За столом повисает полнейшая тишина. Все, замерев, смотрят то на меня, то на Климова. Я сглатываю, в горле вдруг пересохло. Точно демон.

— О, так Буров уже говорил с тобой? — Даша нарушает молчание, заинтересованно поворачиваясь ко мне.

— Н-нет. Не понимаю, о чем вы.

Даша хмыкает, а Климов продолжает:

— Конечно, говорил, тут и телепатом не надо быть. У него вид, как у испуганного сурка.

— Может, хватит сравнивать меня с животными? — ощетиниваюсь я.

— Ну вот, а теперь обиженный еж.

Алиса тихонько хихикает. Я отбрасываю ложку.

— Да ну вас всех… — я резко встаю, чуть ли не роняя стул, и, направляясь к выходу, слышу за своей спиной еще пару смешков и голос Влада:

— Какая замечательная иллюстрация народной мудрости. Клима Климовым вышибают…

Никакой он не телепат. Такого не бывает! Просто ненормальный хам. Лет под сороковник или больше, а ведет себя как подросток! Наверняка ему Буров просто все рассказал, вот он и прикалывается.

— Клим! — Алиса, видимо, увязавшаяся за мной, окликает меня в коридоре. — Подожди!

— Да что такое? — мне не хочется говорить с ней грубо, но, если честно, я жутко устал, голодный, толком не спал, так что…

— Так дядя Леша уже говорил с тобой?

— Дядя?

— Ну да, Алексей Романович мой дядя. Я разве не говорила? — Алиса улыбается так невинно, что я даже теряюсь.

— Нет.

— Так что? Говорил?

Я отворачиваюсь и медленно продолжаю свой путь. Алиса идет рядом. Что за дурацкая ситуация?

— И что ты об этом думаешь? — спрашивает она, чуть обгоняя и заглядывая мне в лицо.

— А что я должен о таком думать? Скажи честно, он ведь пошутил? Он над всеми тут так шутит?

— Нет, не пошутил, — все так же спокойно говорит она.

— И ты туда же… Может хватит уже? А?

— Пойдем к нему, а? Ты ведь к нему собирался, разве нет?

Я собирался. Только вот теперь, после того, что было в столовой, меня начинают грызть сомнения. Похоже, все, по крайней мере те, с кем я общался, либо верят в эту ерунду, либо просто подыгрывают. Может, это у них такая игра? Ну не может же весь дом сойти с ума.

— Пойдем, — Алиса тянет меня за рукав. Если у нее и есть какая-то способность, так это точно дар убеждать и вызывать доверие. Если бы меня кто-то другой попросил, я бы просто послал. Но я уже говорил, обидеть Алису просто невозможно. Она слишком дружелюбная, открытая…

Я сдаюсь. По дороге я еще несколько раз прошу ее перестать шутить надо мной, но она только улыбается.
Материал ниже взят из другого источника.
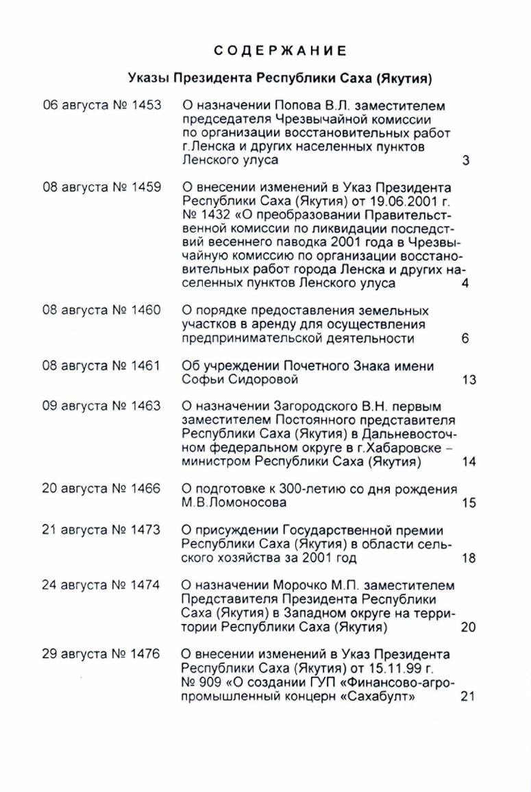 Сборник указов и распоряжений Президента Республики Саха (Якутия)
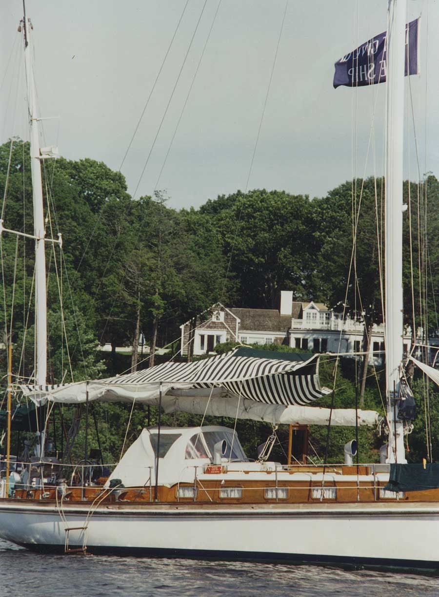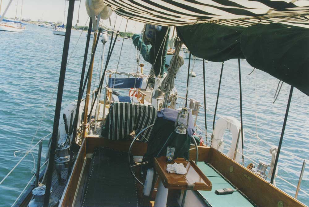 We can see about half of Thalassa’s cockpit here. Note the folding captain’s chair on the aft deck. This photo was taken by her previous in New Harbor in Block Island.
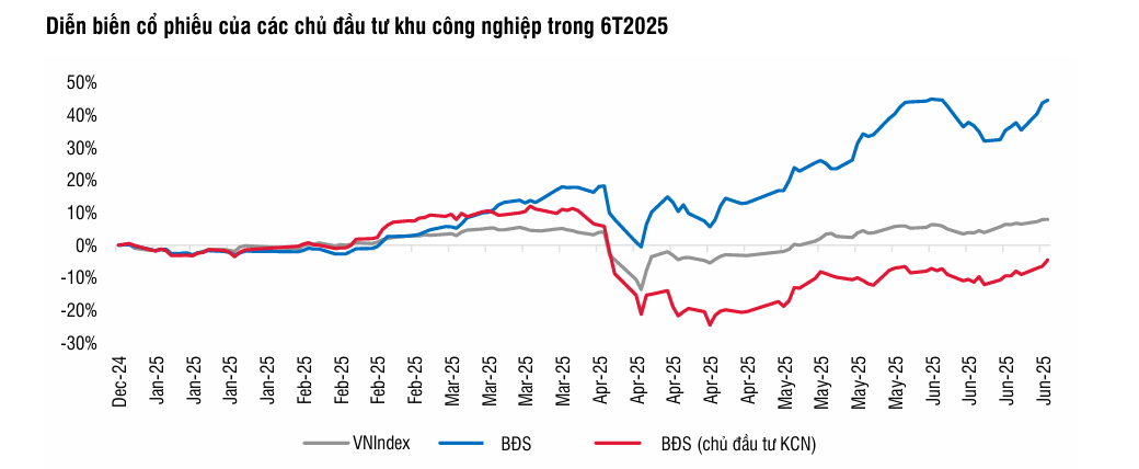 Ngành bất động sản khu công nghiệp (BĐS KCN) có hiệu suất kém hơn VN-Index sau diễn biến thuế quan. Triển vọng ngành này phụ thuộc vào kết quả đàm phán thuế quan với Mỹ.

— Эй, ну ты ведь не хочешь, чтобы я выглядел полным идиотом, попавшись на ваши розыгрыши? Пожалуйста…

— Никто над тобой не смеется, Клим, — улыбается она.

Когда мы подходим к кабинету, она без стука открывает дверь.

— Алиса? — слышу я голос Бурова. Ну вот, круг замкнулся. Я снова здесь. Пришел, чтобы опять слушать этот странный бред.

— Дядь, я с Климом, — отвечает девчонка и чуть ли не за рукав втаскивает меня в кабинет.

— Привет, Клим. Рад, что ты зашел. Садись. Чай будешь? — Буров тут же встает и включает небольшой электрический чайник на подоконнике.

— Ой, да, ты ведь не поел совсем! — спохватывается Алиса и начинает рыться в шкафу, доставая пачку печенья и несколько железных банок. Значит, и вправду племянница. И как я сразу не догадался, что они родственники? По всему видно, что она чувствует себя здесь как дома. — Ты какой будешь? — тем временем спрашивает она. — Есть с земляникой, есть саусеп, и с васильками и бергамотом. А нет, — разочарованно вздыхает она, заглядывая в баночку. — С бергамотом кончился. Только запах остался.

— С земляникой, — неуверенно говорю я. Алиса достает небольшой заварник, обдает его кипятком.

— Это она всякие такие любит, — чуть смущенно говорит Буров, — а я больше обычный.

Чувство странности происходящего все нарастает. Передо мной появляется чашка, тарелка с печеньем, посыпанным сахаром. Я вдруг почему-то вспоминаю чаепитие у сумасшедшего шляпника. Тут даже своя Алиса есть. Мне все же не удается сдержать смешок. Кто тогда белый кролик? Может, Димка мелкий? А что, похож, если передние зубы сделать чуть длиннее. Алиса из страны чудес, то есть психов, тем временем берет чашку и забирается на диван.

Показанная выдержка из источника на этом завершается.